Anticipation high for school
Published 12:12 pm Tuesday, June 26, 2007
LYNNWOOD – Jason Hall, 12, wandered and wondered: “This is going to be a school? Wow.”
Jason, who just finished up at Cedar Valley Elementary School, was walking in the dirt and among the stumps of a recently logged 40 acres off North Road in Lynnwood last week.
It doesn’t look like much now, but in the fall of 2009, when Jason is a freshman, the site will be a new Lynnwood High School campus.
In coming weeks, a small village of contractors’ trailers will be assembled. Dirt will be moved, utilities installed and concrete poured.
By fall, steel framing should start protruding from the ground. Construction will cost $68.2, about two-thirds of the total $99.8 million project cost, said Ed Peters, capital facilities director for the Edmonds School District.
The district hosted a groundbreaking ceremony on the high school site last week, complete with the Lynnwood High School pep band.
Seeing so many people there reminded Peters of how much it takes to build a new school, from voters campaigning for bonds to architects drawing up plans.
Several youngsters just finishing elementary schools were on hand.
“One of the best parts of my job is I get to stand in the door on the first day and watch the kids walking into their new school,” Peters said. “That made it all that more real to me.”
“It’s going to be a heck of a school,” said Teresa Hall, Jason’s mom. “They waited a lot of years for the bond and it finally passed.”
Hall, a 1979 Lynnwood High graduate, likes her old campus, but she believes it has served its purpose.
“A lot of people passed through there,” she said. “It will be a shame to see it go, but it’s for the better. The ground is sinking there. It’s definitely done its job.”
The school, which will be built for 1,600 students, is scheduled to open in fall 2009. The school district awarded a $68.2 million contract in May to Cornerstone General Contractors Inc. of Redmond to build the school.

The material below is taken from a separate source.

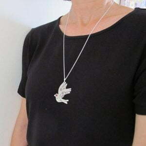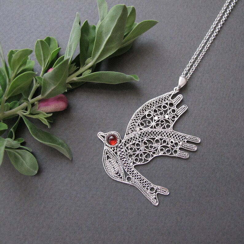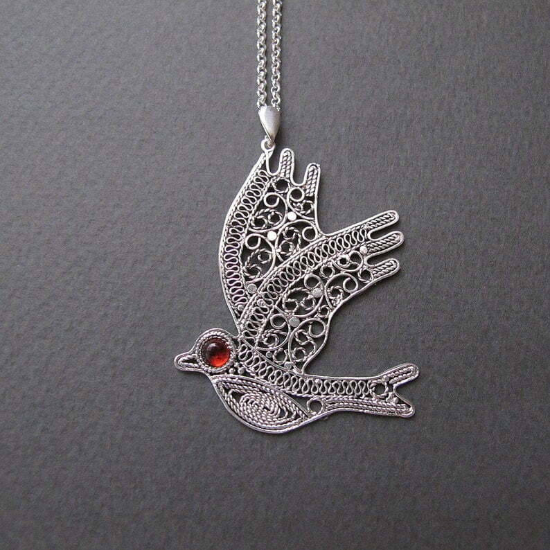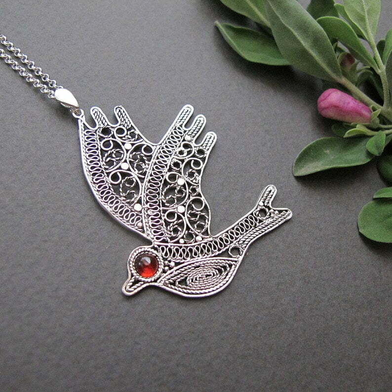 Tags: delicate bird pendant, grandmom gift, mommy jewelry, silver filigree garnet pendant, Sterling silver flying bird necklace
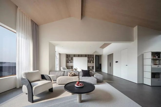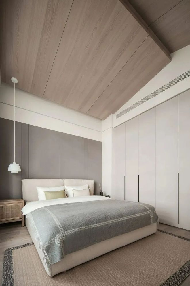 位于顶层的卧室,有着木色和灰色交织的高级感,宁静淡雅的本质也随着时光的流逝而逐渐流露了出来。

The 40-acre site is one mile east of the existing Lynnwood High School, near Floral Hills Cemetery on the east side of I-5.
The campus will include one large two-story building with steel framing and a combination of siding that includes masonry and metal panels.
Some of the timber from the logged-off site will be used for benches, trim and interior paneling in the new school.
“I can honestly say it is the first and only time in my life I have been happy to see trees go down,” said Madeline Herzog, who helped lead the 2006 campaign to pass the $140 million bond measure. “They have planned such a beautiful site with the building and the grounds.”
Herzog, a 1979 Lynnwood High School alum, had two good reasons – daughter, Meagan, and son, Jacob – for wanting to see a new high school.
Meagan will be a junior and Jacob a freshman when it opens.
The district’s other large high schools are in beautiful buildings and Lynnwood High “carries this baggage of being the building that has a pump in the library” because of an aquifer beneath it, Madeline Herzog said.
It is one of at least three pumps used to prevent flooding from rising groundwater on the Lynnwood High School campus.
Jacob Herzog, 12, explored the logged-off grounds last week knowing that the new campus should be ready by the time he finishes middle school.
“It’s going to be cool,” he said. “It’s going to be better than the old school.”